WHAT YOU WILL DO:
The entries are to be repeated exactly, with all pictures omitted.

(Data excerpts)
____________
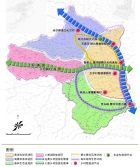 规划构建了“四区九点·两带两环”的空间发展格局。“四大片区” 分别为东部的黄河民俗风情区、北部的高原果香体验区、西部的川道田园休闲区和南部的森林生态度假区;“九点” 为九大乡村旅游重点项目,包括依托川道农业、苹果种植业等农业产业基础的三大农业型旅游节点:陕北农耕文化园、七彩川道、乡村婚庆公园,和依托宜川特色村落以及非物质文化遗产的六个乡村型旅游节点:昝家山·黄河鼓舞文化传承地、桃枝村·桃池人家摄影美村、太平窑居度假村、舌头岭·黄河非遗小村、羊家庄·陕北美食体验地、永宁耕读文化古村;“两带·两环” 分别为依托宜川县两条旅游交通干线的南北向沿黄乡村旅游发展带和东西向川道乡村旅游发展带,以及结合宜川地形地貌、景观特色的北部黄土黄河风情环线和南部森林绿海生态环线。
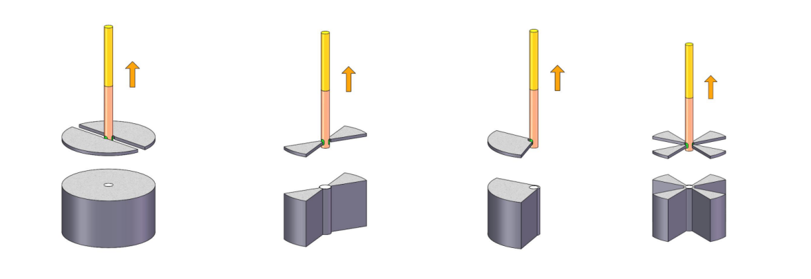 5、M-Jet高壓噴射注漿法采用獨特的多噴嘴鉆具,在面對各種復(fù)雜地層中可以選擇不同的噴嘴,組合形成不同的噴射形式。(交叉噴射、平行噴射、對稱噴射)
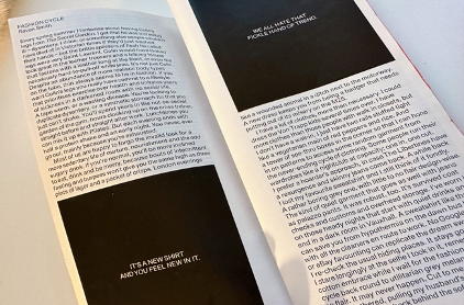 The magazine's architecture was inspired by the discovery that readers often end up folding magazines and newspapers in half, so the design team applied this reaction process to the structure, opting for quadruple-page layouts rather than the traditional double-page spreads, folded vertically to create a narrow page shape, defined as a “wide magazine disguised as a tall and thin one” (Morley,2016). It is printed on low gloss uncoated paper, which adds an aesthetic appeal and makes it easier on the eyes to improve readability. This unique selection of material and structure serves as a testament to the magazine's meticulous attention to detail, conveying a sense of practical sophistication.
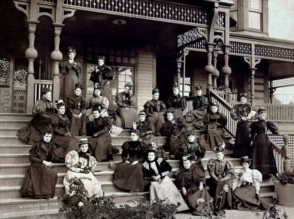 It’s like something you’d see in a museum. In long, fancy dresses, original members of the Woman’s Book Club of Everett pose properly on the steps of the Hotel Monte Cristo.
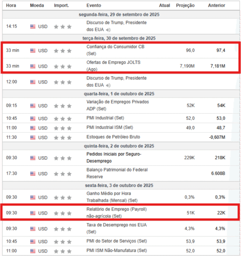 Do ponto de vista macroeconômico, a agenda da semana é bastante relevante. Na terça-feira teremos a divulgação dos JOLTS, que mede a oferta de empregos nos Estados Unidos, e na sexta-feira acontece a divulgação do payroll, o relatório mais importante do mercado de trabalho americano. Esses dados vêm em um momento em que o Federal Reserve já iniciou cortes na taxa de juros, e o discurso do presidente Jerome Powell tem reforçado a necessidade de manter a inflação controlada sem perder a força do mercado de trabalho. Isso significa que cada novo dado sobre emprego ou inflação ganha ainda mais peso e pode influenciar diretamente os rumos do mercado financeiro e, consequentemente, do Bitcoin.
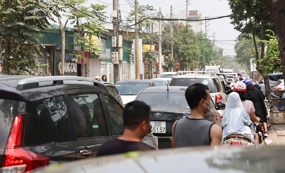 Khu vực vườn nhãn, bên bãi sông Hồng thì rộng rãi, phù hợp cho hoạt động khinh khí cầu. Nhưng lối vào thì chật hẹp, nên có dịp đông người qua lại như thế này là ùn tắc kéo dài.
____________
SOLUTION BELOW:
 规划构建了“四区九点·两带两环”的空间发展格局。“四大片区” 分别为东部的黄河民俗风情区、北部的高原果香体验区、西部的川道田园休闲区和南部的森林生态度假区;“九点” 为九大乡村旅游重点项目,包括依托川道农业、苹果种植业等农业产业基础的三大农业型旅游节点:陕北农耕文化园、七彩川道、乡村婚庆公园,和依托宜川特色村落以及非物质文化遗产的六个乡村型旅游节点:昝家山·黄河鼓舞文化传承地、桃枝村·桃池人家摄影美村、太平窑居度假村、舌头岭·黄河非遗小村、羊家庄·陕北美食体验地、永宁耕读文化古村;“两带·两环” 分别为依托宜川县两条旅游交通干线的南北向沿黄乡村旅游发展带和东西向川道乡村旅游发展带,以及结合宜川地形地貌、景观特色的北部黄土黄河风情环线和南部森林绿海生态环线。
 5、M-Jet高壓噴射注漿法采用獨特的多噴嘴鉆具,在面對各種復(fù)雜地層中可以選擇不同的噴嘴,組合形成不同的噴射形式。(交叉噴射、平行噴射、對稱噴射)
 The magazine's architecture was inspired by the discovery that readers often end up folding magazines and newspapers in half, so the design team applied this reaction process to the structure, opting for quadruple-page layouts rather than the traditional double-page spreads, folded vertically to create a narrow page shape, defined as a “wide magazine disguised as a tall and thin one” (Morley,2016). It is printed on low gloss uncoated paper, which adds an aesthetic appeal and makes it easier on the eyes to improve readability. This unique selection of material and structure serves as a testament to the magazine's meticulous attention to detail, conveying a sense of practical sophistication.
 It’s like something you’d see in a museum. In long, fancy dresses, original members of the Woman’s Book Club of Everett pose properly on the steps of the Hotel Monte Cristo.
 Do ponto de vista macroeconômico, a agenda da semana é bastante relevante. Na terça-feira teremos a divulgação dos JOLTS, que mede a oferta de empregos nos Estados Unidos, e na sexta-feira acontece a divulgação do payroll, o relatório mais importante do mercado de trabalho americano. Esses dados vêm em um momento em que o Federal Reserve já iniciou cortes na taxa de juros, e o discurso do presidente Jerome Powell tem reforçado a necessidade de manter a inflação controlada sem perder a força do mercado de trabalho. Isso significa que cada novo dado sobre emprego ou inflação ganha ainda mais peso e pode influenciar diretamente os rumos do mercado financeiro e, consequentemente, do Bitcoin.
 Khu vực vườn nhãn, bên bãi sông Hồng thì rộng rãi, phù hợp cho hoạt động khinh khí cầu. Nhưng lối vào thì chật hẹp, nên có dịp đông người qua lại như thế này là ùn tắc kéo dài.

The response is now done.